# TASK DETAILS:
Restate word for word the lines below that run from the one holding "Figure 3: Infosys" through the one holding "Concerning teachers and Students", inclusive. Pictures don't belong in the copy.

# GIVEN RECORDS:
[Start of section]

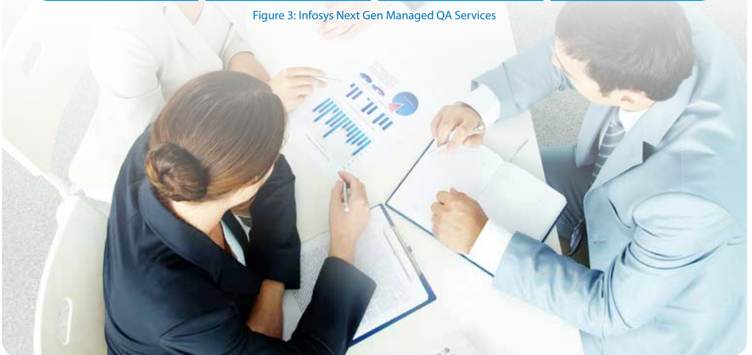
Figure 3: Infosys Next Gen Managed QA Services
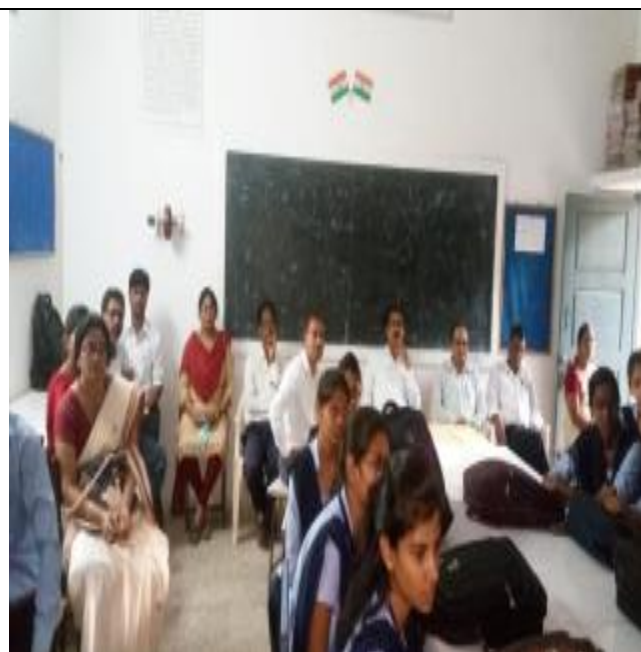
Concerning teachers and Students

[End of section]
[Start of section]

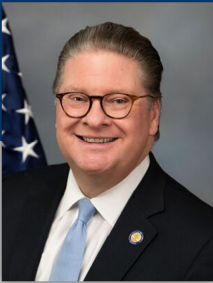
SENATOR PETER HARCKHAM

[End of section]

# EXERCISE SOLUTION:
Figure 3: Infosys Next Gen Managed QA Services
Concerning teachers and Students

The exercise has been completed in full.